I think it has been long enough where I can hijack this thread and make it my own so I don't have to create a new one for a simple questions.

Can someone with a little more experience take a look at this and see if it's a good deal or I'm way out of line? I'm about to pull the trigger on it. To me, everything seem to be high quality, but I could be wrong. Looking at the wheels alone, those are $800 wheels. It's also in fantastic condition. I've been looking online for a cheap bike to figure out what I like and don't like, but I've wasted a lot of time doing so and I've gotten nowhere with it. I've decided to ditch that idea and just get the bike that I plan on using for years to come. I have committed to doing a 106 mile race in November with no riding experience and need to start trailing. This bike is listed for 2k, I offered $1,100 and he laughed in my face. He said he'll do $1,900 for it. Here are the specs: 


2014 Trek Madone 5.2 (All black)
Frame size 58cm.
Groupo: SRAM Force. 11 SPD.
Crank size: 50/34 175mm
Cassette: Sram Power dome 11/28.
Shifters: Sram Double Tap.
Bars: Bontrager Carbon RXL 42CM
STEM: Bontrager XXX Carbon 90mm.
Saddle: Bontrager Carbon RXL 138.
Wheels: Mercury M5


Any advice is helpful, I just don't want to overpay, which is easy to do when you're new to something. Thank you all!


----------



## ruarmani (Jan 30, 2017)

You are more than welcome. It is yours now.
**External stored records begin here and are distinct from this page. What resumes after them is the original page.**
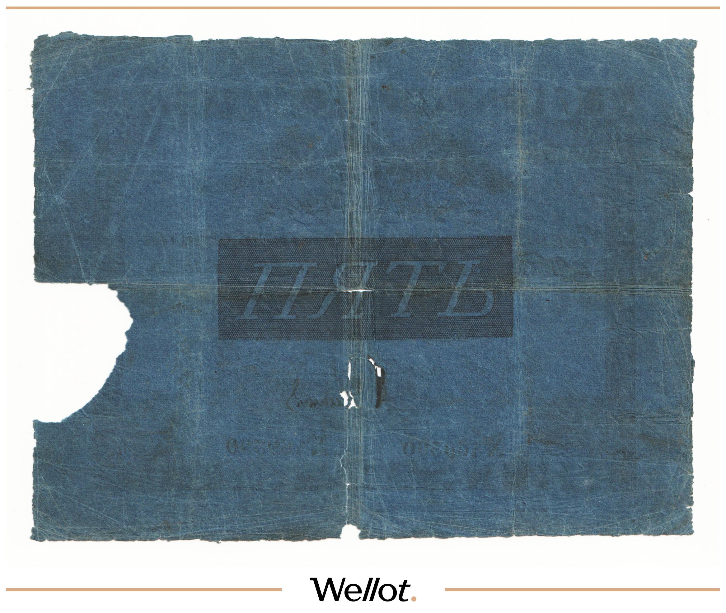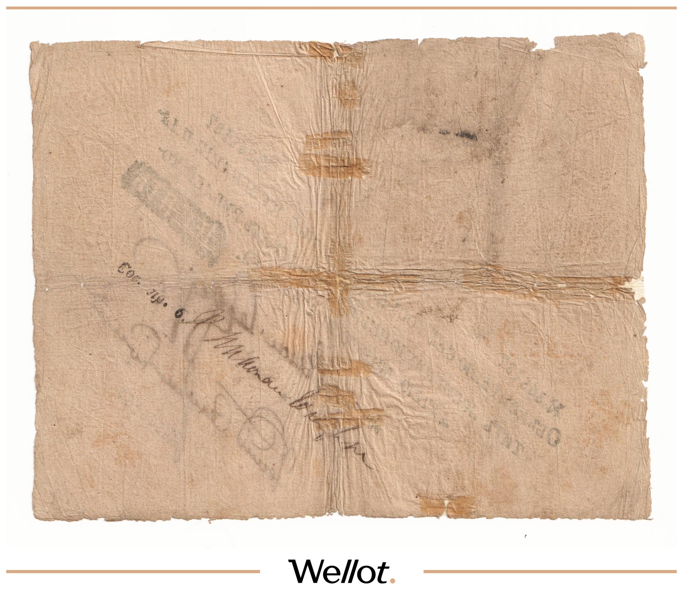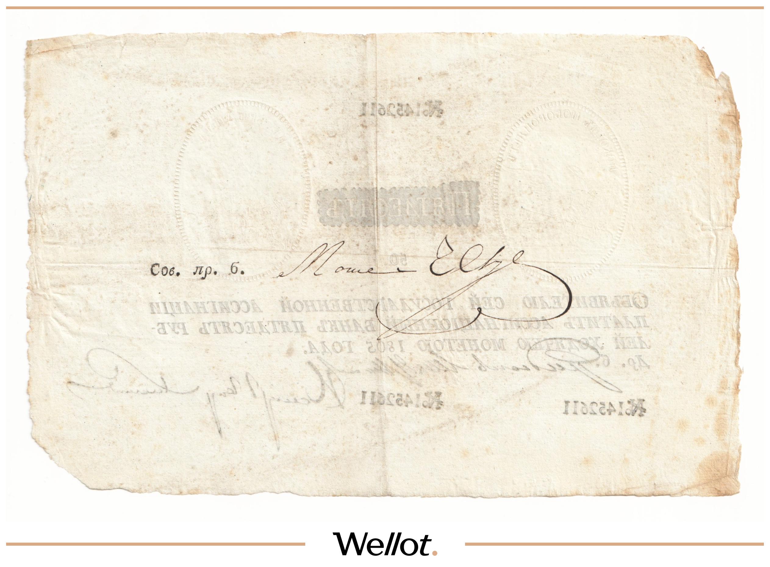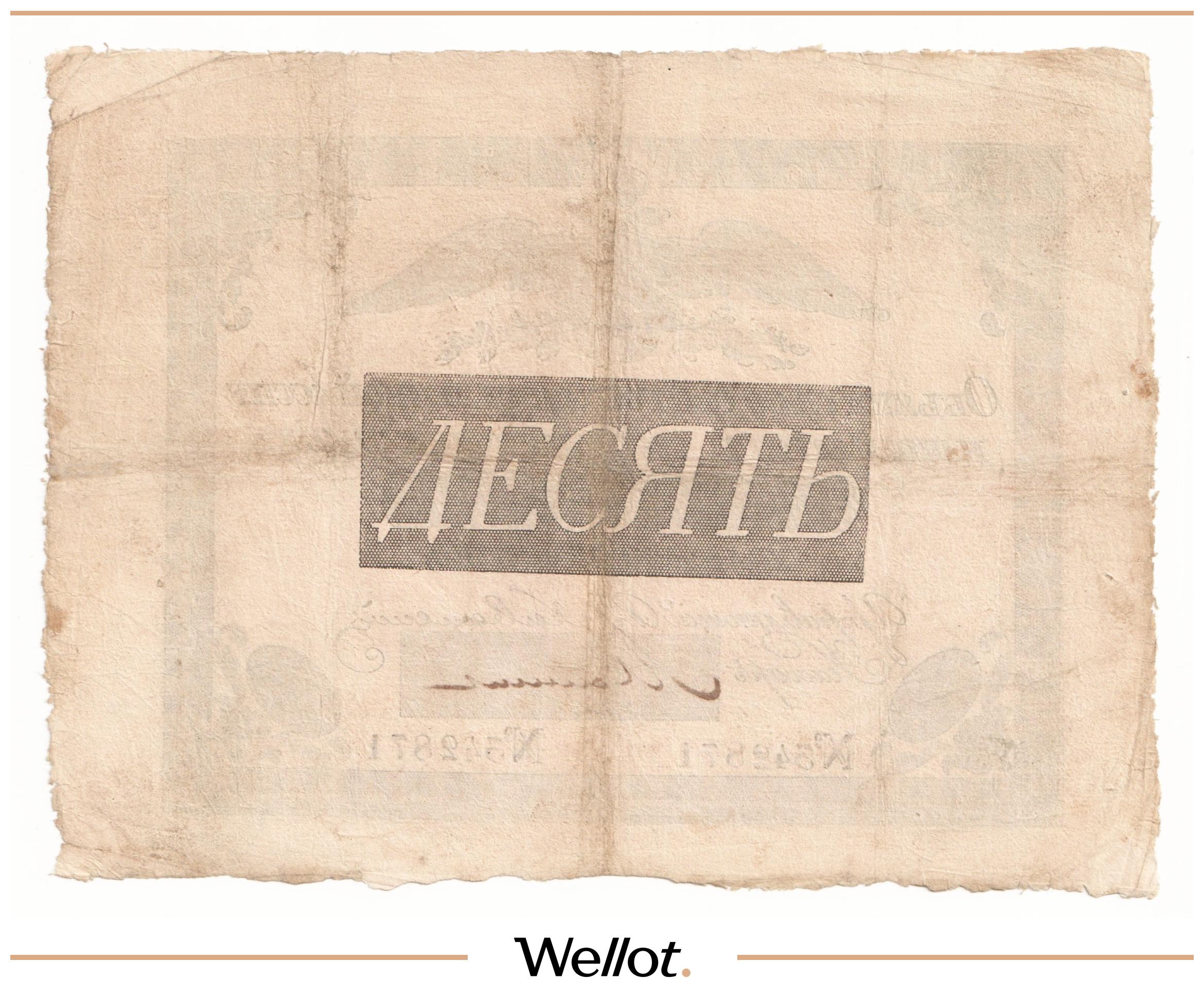 Крупный формат (200 х 170 мм) и монументальный дизайн этой купюры делает ее одним из самых впечатляющих бумажных денежных знаков первой половины XIX века. Перед вами значимый исторический артефакт и украшение любой серьёзной коллекции.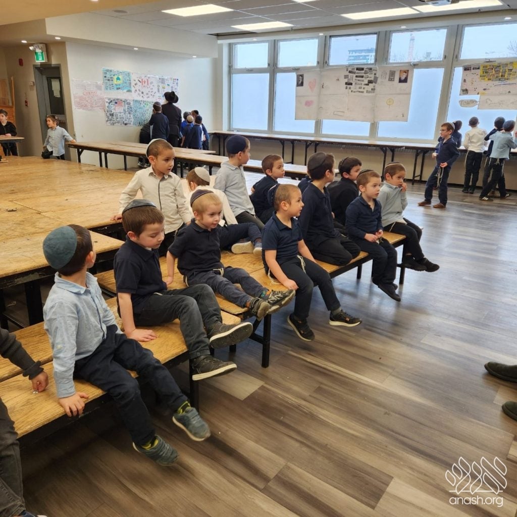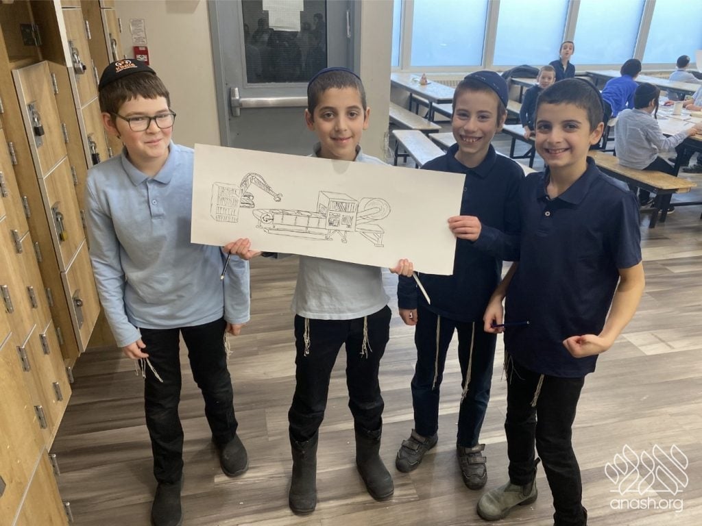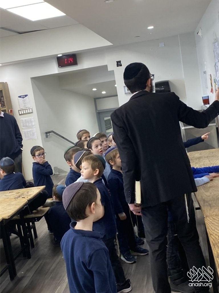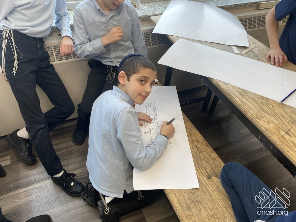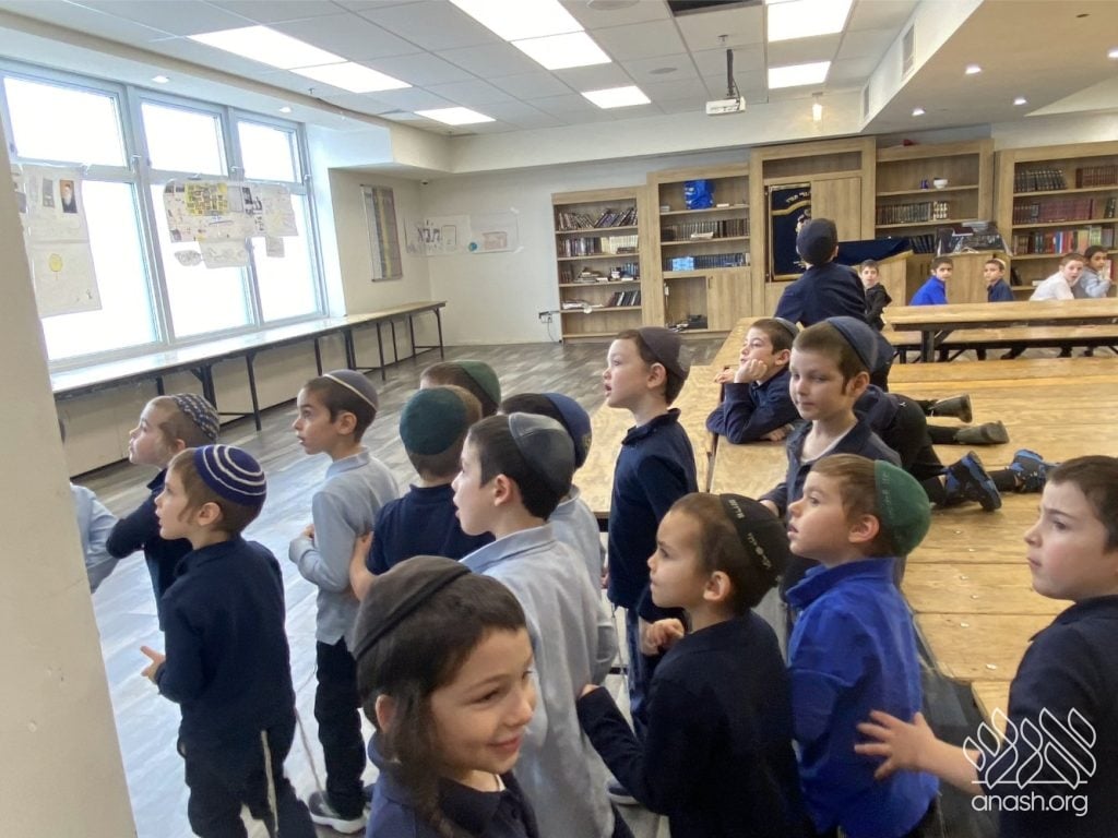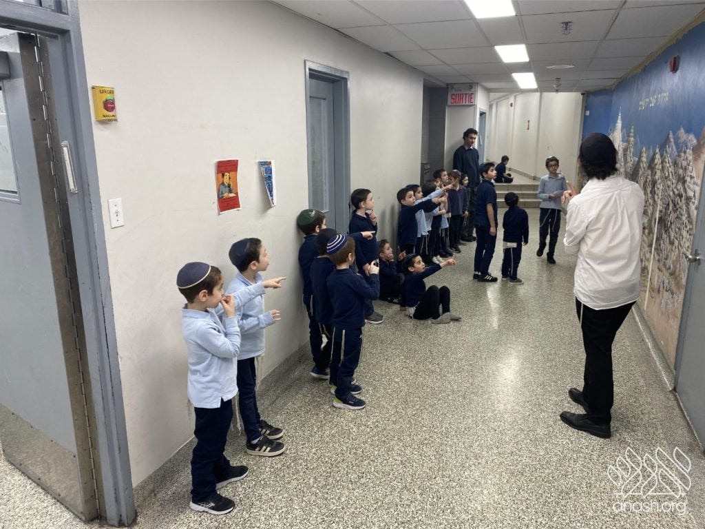 On Tuesday, 24 Teves, our lunchroom was transformed into a “Tanya Poster Gallery.” The younger students (Pre-1A – Grade 3) had the special opportunity to tour the exhibit and view the finished masterpieces. We were also honored to host Rabbi Hershel Raskin, who joined us as the official competition judge to review the impressive work.
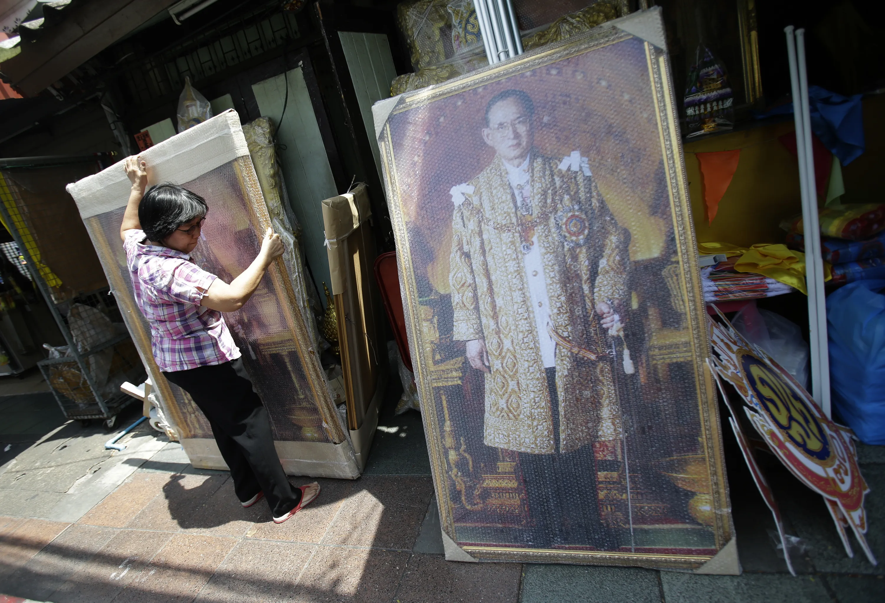In this Tuesday, June 7, 2016 photo, a shopkeeper places portraits of Thailand's King Bhumibol Adulyadej outside her shop in Bangkok, Thailand. (Photo by Sakchai Lalit/AP Photo)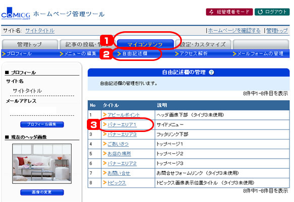 「マイコンテンツ」→「自由記述欄」をクリックします。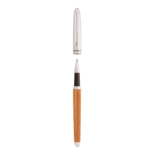Elegancki, bambusowo-metalowy zestaw składający się z długopisu i pióra kulkowego w bambusowym etui. Z niebieskim wkładem.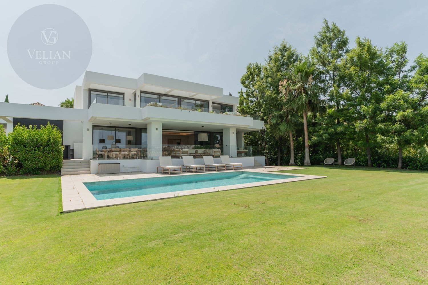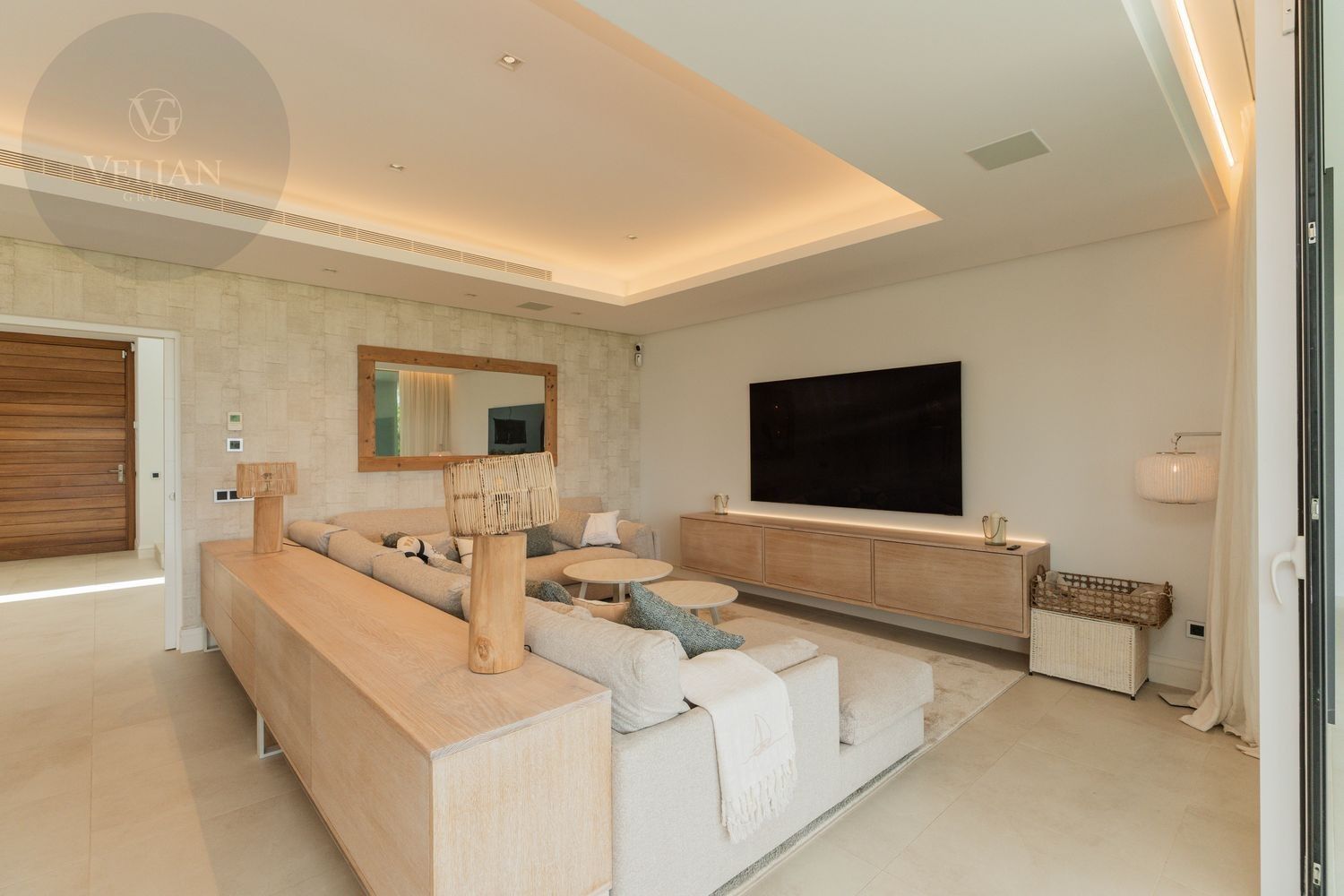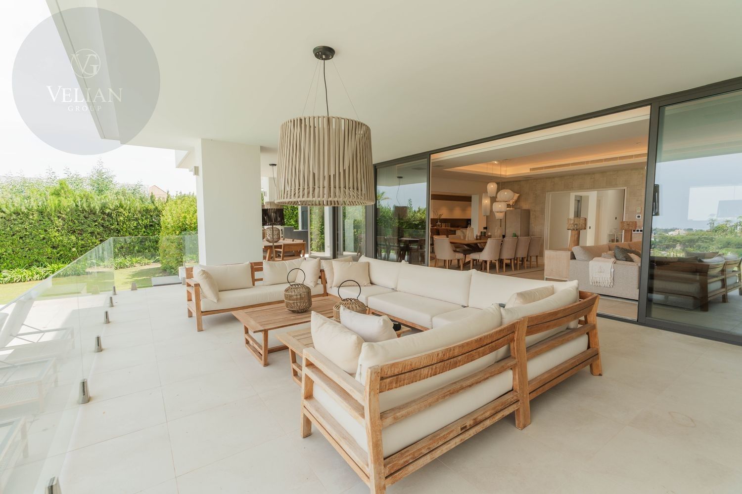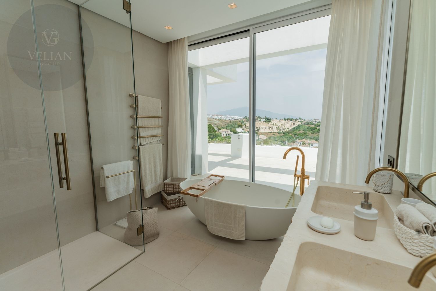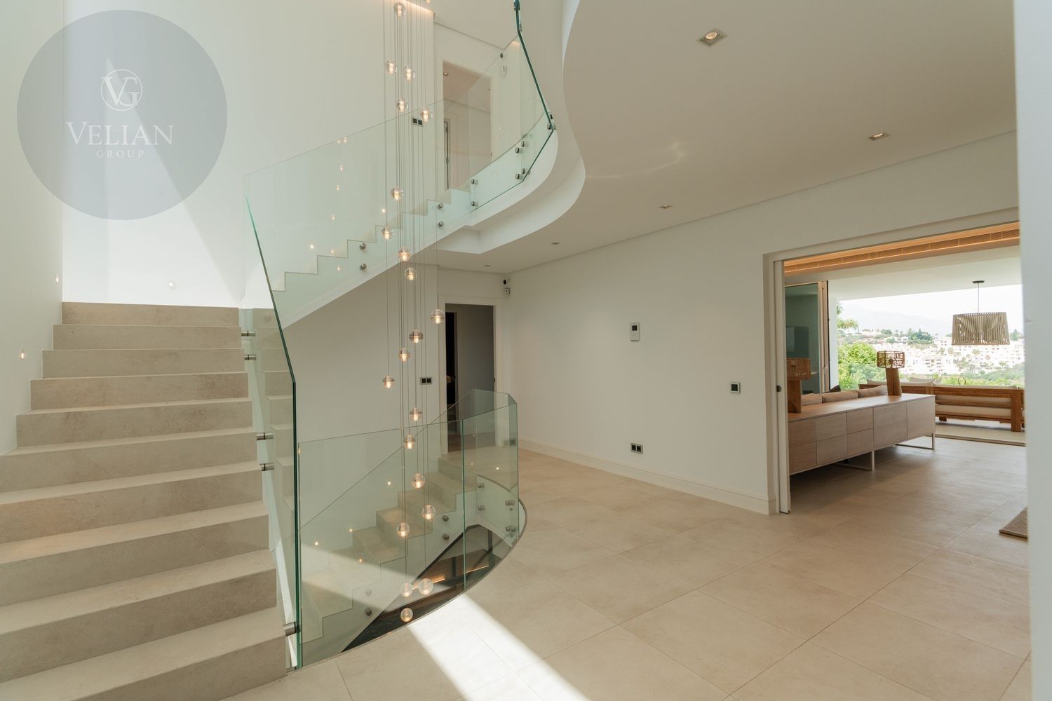 Villa Exclusiva en Los Flamingos – Lujo, Privacidad y Vistas IncomparablesSituada en el prestigioso enclave residencial de Los Flamingos, en la Costa del Sol, esta impresionante villa de cuatro plantas –incluido un espectacular solárium en la azotea– combina a la perfección elegancia, confort y total privacidad, ofreciendo un estilo de vida verdaderamente excepcional.La propiedad cuenta con cuatro amplios dormitorios en suite, todos terminados con los más altos estándares y diseñados para garantizar el máximo confort. Los interiores, diáfanos y luminosos, se integran con el exterior a través de grandes ventanales que enmarcan las espectaculares vistas panorámicas al mar Mediterráneo y al campo de golf.La terraza principal conduce a una piscina rodeada de cuidados jardines y a una exclusiva barbacoa argentina hecha a medida especialmente para la villa, ideal para disfrutar de reuniones y momentos de relax al aire libre.Entre sus exclusivas comodidades destacan un gimnasio profesional, completamente equipado y preparado para atletas de alto nivel, cine privado, sala de billar y un sistema de sonido de alta gama en toda la villa. La vivienda está programada con un avanzado sistema de domótica que permite controlar iluminación, climatización y sonido, garantizando máximo confort y eficiencia. Además, un ascensor conecta cómodamente las tres plantas principales de la propiedad, mientras que el solárium se disfruta como un espacio independiente de ocio y relax.La villa ofrece la máxima seguridad, con cámaras perimetrales por toda la propiedad y un sistema de alarma de alto nivel que protege el interior, garantizando tranquilidad y seguridad a los propietarios. La urbanización de Los Flamingos es exclusiva para propietarios de viviendas, con seguridad 24 horas y un segurida en la garita de acceso constantemente, asegurando un entorno privado, controlado y extremadamente seguro.El garaje ofrece espacio para dos o incluso tres vehículos bien aparcados, proporcionando comodidad y seguridad.A solo unos minutos de Marbella, Puerto Banús y de las mejores playas de la zona, esta villa ofrece un entorno privilegiado, seguro y sereno, con fácil acceso a una excelente oferta gastronómica, de ocio y deportiva.Una oportunidad única de adquirir una de las propiedades más exclusivas de la Costa del Sol.Para más información y visitas, contacte con Magno Marbella.

By the way, I had a chance to ride my Focus and I love it. And, I had to basically stop myself buying cycling stuff, I got so much into it and carried on ..... clothes, little things, tubes, pump, bottle cages, quad lock, lights, etc... stopped for now.


----------



## yassine (Mar 7, 2017)

Best advice I and realistically anyone else


----------



## Lombard (May 8, 2014)

Piconner said:


> I think it has been long enough where I can hijack this thread and make it my own so I don't have to create a new one for a simple questions.
> 
> Can someone with a little more experience take a look at this and see if it's a good deal or I'm way out of line? I'm about to pull the trigger on it. To me, everything seem to be high quality, but I could be wrong. Looking at the wheels alone, those are $800 wheels. It's also in fantastic condition. I've been looking online for a cheap bike to figure out what I like and don't like, but I've wasted a lot of time doing so and I've gotten nowhere with it. I've decided to ditch that idea and just get the bike that I plan on using for years to come. I have committed to doing a 106 mile race in November with no riding experience and need to start trailing. This bike is listed for 2k, I offered $1,100 and he laughed in my face. He said he'll do $1,900 for it. Here are the specs:
> 
> ...


This is what Bicycle Blue Book comes up with:

https://www.bicyclebluebook.com/SearchListingDetail.aspx?id=3052606&make=750&model=62139 

That being said, since this is a used carbon bike, I would have a trusted bike shop examine the frame carefully for damage.

Also, while those wheels seem like they would obviously increase the value, I have to ask you how much do you weigh? If you are anywhere north of 200lbs., carbon hoops are probably not a great idea.

BTW, if I were asking $2K for a bike and you offered me $1,100, I would laugh in your face too.


----------



## Piconner (Mar 7, 2017)

I absolutely expected to get laughed at for that offer, haha. The blue book is the first thing I looked at, and with the upgrades, I thought $1,900 was a good deal. He's upgraded more than just the wheels and if I bought this bike without upgrades from someone else for $1500 and did upgrades, it would end up being a lot more than the $400 that I could just pay now. I could ride with a small child on my back and not be 200+. I'm 6 foot 150!


----------



## Lombard (May 8, 2014)

Piconner said:


> I absolutely expected to get laughed at for that offer, haha. The blue book is the first thing I looked at, and with the upgrades, I thought $1,900 was a good deal. He's upgraded more than just the wheels and if I bought this bike without upgrades from someone else for $1500 and did upgrades, it would end up being a lot more than the $400 that I could just pay now. I could ride with a small child on my back and not be 200+. I'm 6 foot 150!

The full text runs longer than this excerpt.